On 06/14/14 02:07, Jorge Jimenez wrote:

What I have:

a multi array X, which is a 3XD complex array * #encode * # frames

Array< Array<complex<float>,3>,2 > X = recon.read_data(data);

Why is this a multi-array?

You've created a two-dimensional array, where each entry is, separately,  a three-dimensional array of entries with type complex<float>.

This seems unnecessarily complicated, since it puts your actual data behind a few levels of indirection and it hides structure that you later assume.

Onces done that, if I have 3 encodes in the first frame I should end up whit data set2 = 400x400x(800*3) = 400x400x2400. This set will be my first array in my new multi array matrix Y or Y(0).
This is a case in point.  Is each 3D array going to be of the same size across encodes and/or frames?  Your multi-array structure permits each chunk to be of different size, but then you assume that (at least within a frame) each is indeed of the same size when you wish to concatenate them.

Will you ever need a particularly clever way of accessing, say, the first encode of each frame, across all frames?  That's permitted by your multi-array structure, but based on some rough guesses about your subsequent workflow that might not be *necessary*.  Will you have the same number of encodes of each frame?  That's required by your data organization, but it may not be necessary.

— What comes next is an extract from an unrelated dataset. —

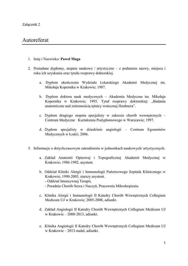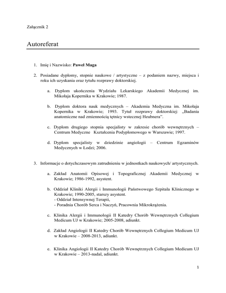 Załącznik 2 Autoreferat 1. Imię i Nazwisko: Paweł Maga 2. Posiadane dyplomy, stopnie naukowe / artystyczne – z podaniem nazwy, miejsca i roku ich uzyskania oraz tytułu rozprawy doktorskiej. a. Dyplom ukończenia Wydziału Lekarskiego Akademii Medycznej im. Mikołaja Kopernika w Krakowie; 1987. b. Dyplom doktora nauk medycznych – Akademia Medyczna im. Mikołaja Kopernika w Krakowie; 1993. Tytuł rozprawy doktorskiej: „Badania anatomiczne nad zmiennością tętnicy wstecznej Heubnera”. c. Dyplom drugiego stopnia specjalisty w zakresie chorób wewnętrznych – Centrum Medyczne Kształcenia Podyplomowego w Warszawie; 1997. d. Dyplom specjalisty w dziedzinie angiologii – Centrum Egzaminów Medycznych w Łodzi; 2006. 3. Informacje o dotychczasowym zatrudnieniu w jednostkach naukowych/ artystycznych. a. Zakład Anatomii Opisowej i Topograficznej Akademii Medycznej w Krakowie; 1986-1992, asystent. b. Oddział Kliniki Alergii i Immunologii Państwowego Szpitala Klinicznego w Krakowie; 1990-2005, starszy asystent. - Oddział Intensywnej Terapii, - Poradnia Chorób Serca i Naczyń, Pracownia Mikrokrążenia. c. Klinika Alergii i Immunologii II Katedry Chorób Wewnętrznych Collegium Medicum UJ w Krakowie; 2005-2008, adiunkt. d. Zakład Angiologii II Katedry Chorób Wewnętrznych Collegium Medicum UJ w Krakowie – 2008-2013, adiunkt. e. Klinika Angiologii II Katedry Chorób Wewnętrznych Collegium Medicum UJ w Krakowie – 2013-nadal, adiunkt. 1 4. Wskazanie osiągnięcia* wynikającego z art. 16 ust. 2 ustawy z dnia 14 marca 2003 r. o stopniach naukowych i tytule naukowym oraz o stopniach i tytule w zakresie sztuki (Dz. U. nr 65, poz. 595 ze zm.): a) tytuł osiągnięcia naukowego: Udział czynników zapalnych w procesie leczenia wewnątrznaczyniowego pacjentów z miażdżycą zarostową tętnic kończyn dolnych. b) (autor/autorzy, tytuł/tytuły publikacji, rok wydania, nazwa wydawnictwa), 1. Maga P, Sanak M, Rewerska B, Maga M, Jawień J, Wachsmann A, Rewerski P, Szczeklik W, Celejewska-Wójcik N.: Urinary cysteinyl leukotrienes in one-year follow-up of percutaneous transluminal angioplasty for peripheral arterial occlusive disease. 2016. Atherosclerosis. 2. Maga P, Sanak M, Jawień J, Rewerska B, Maga M, Wachsmann A, Koziej M, Gregorczyk Maga I, Niżankowski R.: 11-dehydro thromboxane B2 levels after percutaneous transluminal angioplasty in patients with peripheral arterial occlusive disease during a one year follow-up period. 2016. J Physiol Pharmacol. 3. Maga P, Mikołajczyk T.P, Partyka Ł, Krzanowski M, Malinowski K.P, Niżankowski R.: Percutaneous transluminal angioplasty in patients with peripheral arterial disease does not affect circulating monocyte subpopulations. 2016. BioMed Research International. c) omówienie celu naukowego w/w prac: Miażdżyca jest przewlekłą chorobą zapalną tętnic, charakteryzującą się tworzeniem bogatolipidowych blaszek miażdżycowych w obrębie warstwy wewnętrznej ściany tętnic. Zaawansowane zmiany miażdżycowe upośledzają ukrwienie tkanek i narządów przez zmniejszenie światła naczyń oraz wykrzepienie w wyniku pęknięcia blaszki miażdżycowej, co może mieć miejsce w każdym stadium jej rozwoju. Miażdżyca jest chorobą ogólnoustrojową i może dotyczyć wszystkich tętnic, w tym wieńcowych, domózgowych, trzewnych czy kończyn. Choroba ta, wraz z jej powikłaniami, stanowi jeden z najistotniejszych problemów współczesnej medycyny, zwłaszcza w krajach wysoko rozwiniętych, gdzie jest główną przyczyną zgonów oraz inwalidztwa wśród osób dorosłych. Miażdżyca tętnic kończyn dolnych (peripheral artery occlusive disease, PAOD), jedna z częstszych manifestacji klinicznych choroby, stwierdzana jest u 20% Europejczyków i mieszkańców Ameryki Północnej w grupie wiekowej powyżej 55 roku życia. Częstość występowania tego schorzenia rośnie z wiekiem i powyżej 70 rż. dotyczy aż 60% populacji ogólnej. 2 Współczesna koncepcja aterogenezy podkreśla istotny udział procesu zapalnego, w tym silnych mediatorów prozapalnych jakimi są eikozanoidy oraz udział reakcji immunologicznych. Eikozanoidy są produktami przemiany materii nienasyconych kwasów tłuszczowych, wśród których, kwas arachidonowy jest substratem dla dwóch enzymów: 5'lipooksygenazy (5-LO) i cyklooksygenazy (COX). Wykazano, że enzymy związane ze ścieżką produktów 5-LO ulegają ekspresji w ścianie naczyń, w różnym stadium miażdżycy aorty i tętnic wieńcowych. Lipooksygenazy są enzymami katalizującymi stereoswoistą dehydrogenację i dioksygenację wielonienasysonych kwasów tłuszczowych. Zidentyfikowana w leukocytach wielojądrzastych 5-LO arachidonowa wykazuje nadekspresję w makrofagach, komórkach dendrytycznych, komórkach piankowatych, mastocytach i neutrofilach w obrębie naczyń z miażdżycą. Enzym ten generuje niestabilny związek leukotrien A4 (LT A4), który jest prekursorem stabilnego leukotrienu B4(LT B4) i innych leukotrienów cysteinylowych. Produktem cyklooksygenazy jest prostaglandyna PGG przekształcana do PGH2, z którego powstają prostaglandyny, prostacyklina oraz tromboksan A (TX A). Tromboxan jest m.in. czynnikiem naczynioskurczowym i aktywującym agregację płytek krwi. Głównym metabolitem tromboksanu A2 (TX A2) jest tromboksan B2 (TX B2) i 11-dehydro TXB2, którego poziom może wzrastać podczas aktywacji płytek w trakcie krwawienia lub procedur wewnątrznaczyniowych, w zakresie tętnic wieńcowych. Metabolizm tromboksanu w płytkach krwi jest hamowany przez aspirynę, która nieodwracalnie hamuje cyklooksygenazę-1. Z uwagi na całkowite wydalanie z moczem 11-dechydroTXB2 oraz jego okres półtrwania (45minut), może być stosowany do monitorowania syntezy tromboksanu w zaburzeniach układu sercowo-naczyniowego. Rola leukotrienów i tromboksanów jako mediatorów zapalnych w miażdżycy zarostowej tętnic kończyn dolnych oraz w procesie leczenia wewnątrznaczyniowego z uwzględnieniem

Please be aware of the amount of memory that you're casually throwing around.  Your first frame mentioned above will use, by itself, about 1.4GiB of memory.  Keeping more than a handful of frames in memory at a time will be beyond the capabilities of many workstations, so you may wish to use data structures more amenable to offline processing.

If you *are* aware of the memory complexities involved and you are guaranteed to have the same data size per (encode,frame), then the most useful array organization would be a five-dimensional array of type array< complex<float>, 5>, with indices (x,y,z,enc,frame).

Multi-arrays should be used sparingly; Blitz++ is good at math-on-arrays but less good at heavy data-structure work.  You should use them as you would an array type in MATLAB or NumPy.

Array< Array<float,3>,1 > Y; //Array for all encodes in same frame
Please also be aware that this doesn't actually give the Y array any size, so even if your code compiled the subsequent unpack-in-Y would do a very wrong thing and probably (if you're lucky) segfault.